▸ LISTED RECORDS
━━━━━━━━━━━━━━━━━━━━━━━━━━━━━━

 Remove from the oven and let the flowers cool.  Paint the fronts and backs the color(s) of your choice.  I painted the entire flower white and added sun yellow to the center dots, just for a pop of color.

━━━━━━━━━━━━━━━━━━━━━━━━━━━━━━

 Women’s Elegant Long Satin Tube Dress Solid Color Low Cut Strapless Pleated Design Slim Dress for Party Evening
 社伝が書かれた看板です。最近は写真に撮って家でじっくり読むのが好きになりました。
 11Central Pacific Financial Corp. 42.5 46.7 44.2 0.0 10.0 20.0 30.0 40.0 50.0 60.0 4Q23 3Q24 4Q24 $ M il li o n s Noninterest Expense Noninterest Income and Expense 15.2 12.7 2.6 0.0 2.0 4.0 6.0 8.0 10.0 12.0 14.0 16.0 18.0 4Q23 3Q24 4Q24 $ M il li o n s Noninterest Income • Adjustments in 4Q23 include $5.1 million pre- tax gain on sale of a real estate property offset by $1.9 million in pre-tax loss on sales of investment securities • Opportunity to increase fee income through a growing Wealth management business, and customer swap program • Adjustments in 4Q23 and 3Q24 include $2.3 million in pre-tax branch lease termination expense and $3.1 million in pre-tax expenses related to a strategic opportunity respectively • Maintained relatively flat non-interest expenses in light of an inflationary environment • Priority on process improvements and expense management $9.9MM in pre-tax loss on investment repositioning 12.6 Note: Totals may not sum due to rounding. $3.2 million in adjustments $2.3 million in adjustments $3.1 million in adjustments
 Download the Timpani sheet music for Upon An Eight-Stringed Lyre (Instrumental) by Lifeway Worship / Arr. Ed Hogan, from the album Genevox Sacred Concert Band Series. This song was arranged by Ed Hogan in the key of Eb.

━━━━━━━━━━━━━━━━━━━━━━━━━━━━━━

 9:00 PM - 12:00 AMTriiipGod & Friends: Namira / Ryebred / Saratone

━━━━━━━━━━━━━━━━━━━━━━━━━━━━━━

▸ TASK DIRECTIONS
Look above for the line holding "社伝が書かれた看板です。最近" and the line holding "Download the Timpani". Retype both, and every line between them, word for word and nothing else.

▸ SOLUTION TO THE PROBLEM
 社伝が書かれた看板です。最近は写真に撮って家でじっくり読むのが好きになりました。
 11Central Pacific Financial Corp. 42.5 46.7 44.2 0.0 10.0 20.0 30.0 40.0 50.0 60.0 4Q23 3Q24 4Q24 $ M il li o n s Noninterest Expense Noninterest Income and Expense 15.2 12.7 2.6 0.0 2.0 4.0 6.0 8.0 10.0 12.0 14.0 16.0 18.0 4Q23 3Q24 4Q24 $ M il li o n s Noninterest Income • Adjustments in 4Q23 include $5.1 million pre- tax gain on sale of a real estate property offset by $1.9 million in pre-tax loss on sales of investment securities • Opportunity to increase fee income through a growing Wealth management business, and customer swap program • Adjustments in 4Q23 and 3Q24 include $2.3 million in pre-tax branch lease termination expense and $3.1 million in pre-tax expenses related to a strategic opportunity respectively • Maintained relatively flat non-interest expenses in light of an inflationary environment • Priority on process improvements and expense management $9.9MM in pre-tax loss on investment repositioning 12.6 Note: Totals may not sum due to rounding. $3.2 million in adjustments $2.3 million in adjustments $3.1 million in adjustments
 Download the Timpani sheet music for Upon An Eight-Stringed Lyre (Instrumental) by Lifeway Worship / Arr. Ed Hogan, from the album Genevox Sacred Concert Band Series. This song was arranged by Ed Hogan in the key of Eb.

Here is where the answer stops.